While welcoming the apology, Pimicikamak leader David Monias says he is ‘saddened’ that the pope has not acknowledged the discovery of what are believed to be unmarked graves at some former residential school sites for aboriginals in Canada.

“We seem to find that the more burials are discovered, the more people tend to accept it. […] People forget they were children and we need to make sure we know what happened to those children,” Chief Monias said Tuesday.

Pimicikamak is one of many First Nations communities preparing to research the grounds of a former residential school.

The community worked with a researcher to identify the full and partial names of 85 children it says died while attending the facility in the area, also known as Cross Lake.

The community discovered this information last year. About a dozen children identified were only called “boy” or “girl”, says David Monias.

“It was really devastating. We were happy to have (the names), but it triggered a lot of things for us […] because when you read these things, it has an effect on you,” he testified.

Previously, the community was aware of 30 students who had died while attending school through documentation from the National Center for Truth and Reconciliation.

Two schools operated in the community which were both destroyed by fires, Monias said. The community is aware of the presence of a mass grave for children who died in one of the fires in 1930, he said. The National Center for Truth and Reconciliation documented the death of a teacher and 12 children.

A new school was rebuilt in 1940. In 1969 the schools were transferred to the provincial government.

Monias says there are plans to search the premises with ground-penetrating radar as well as review government, medical and religious data collection to develop a database of student names.

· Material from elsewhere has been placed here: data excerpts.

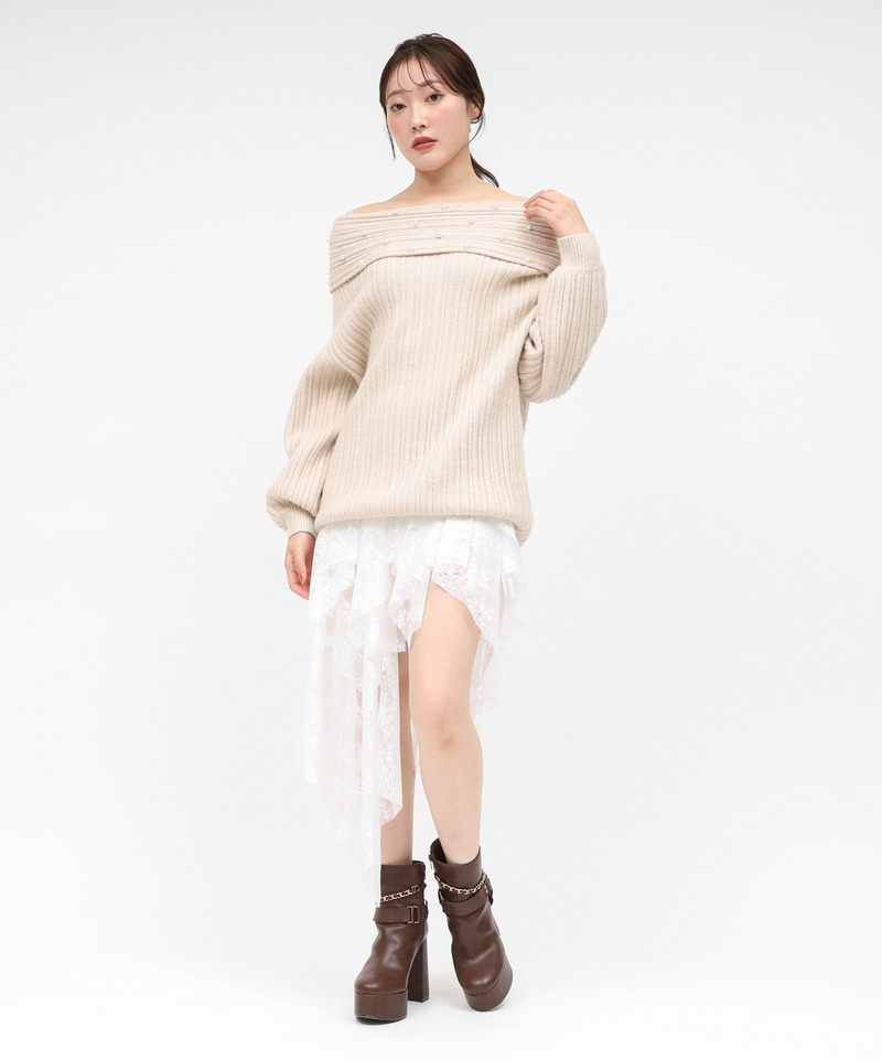上品に散りばめられたパールが顔周りを華やかに魅せてくれるオフショルニットチュニック。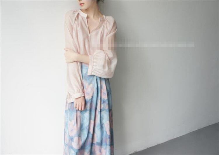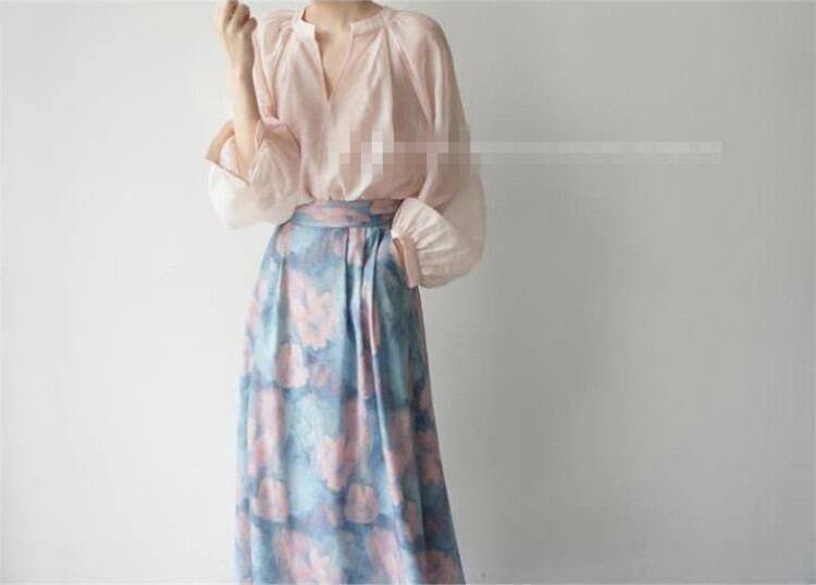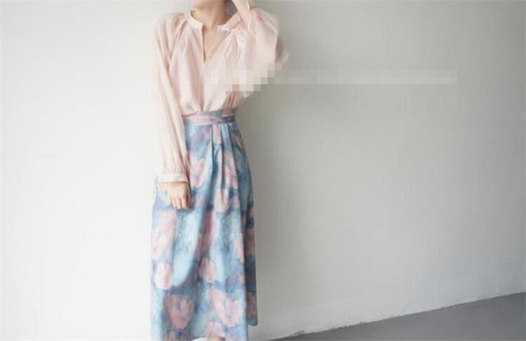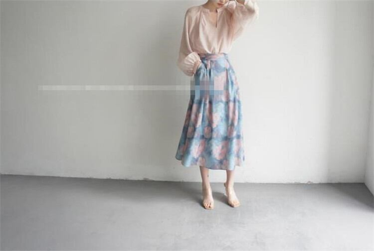 ポケット 膝の上 Aタイプ スカート sweet系 レトロ 油絵スタイル 抽象的な花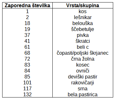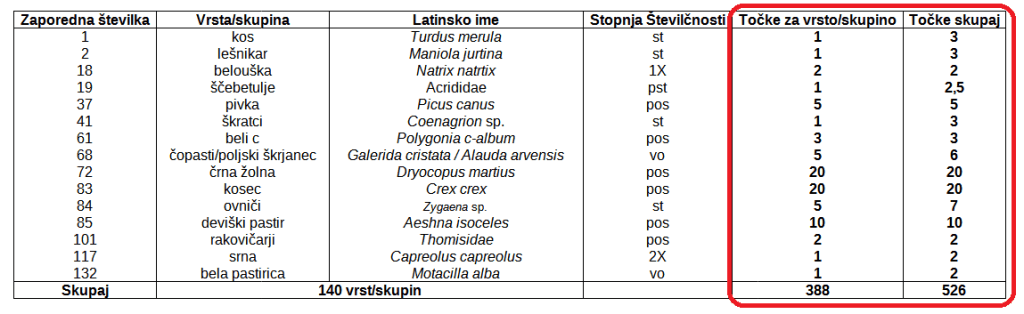 Seznam izbranih živalskih vrst in njihovo točkovanje

“We want to know how many children have gone to school here, how many have gone home and are there any other missing children? And if they are missing, where are they buried?, he said. We have to tell the whole story. »

The ground search, which has yet to begin, could last six months to a year, Monias said.

The community also plans to build a permanent monument to honor the memory of former students, including children from Cross Lake who attended other residential schools.

The First Nation is calling on all levels of government, as well as authorities from the Catholic Church in Manitoba and the Vatican, to join in the investigation.

The community sent a letter inviting the pope to visit Pimicikamak, Monias said. The pope has announced his intention to visit Canada, but no date has yet been announced.

The school operated from 1912 to 1969 and was the main boarding school in northern Manitoba.

The Residential Schools Resolution Health Support Program has a hotline to help survivors and their loved ones suffering from trauma evoked by the memory of past abuse. The number is 1-866-925-4419.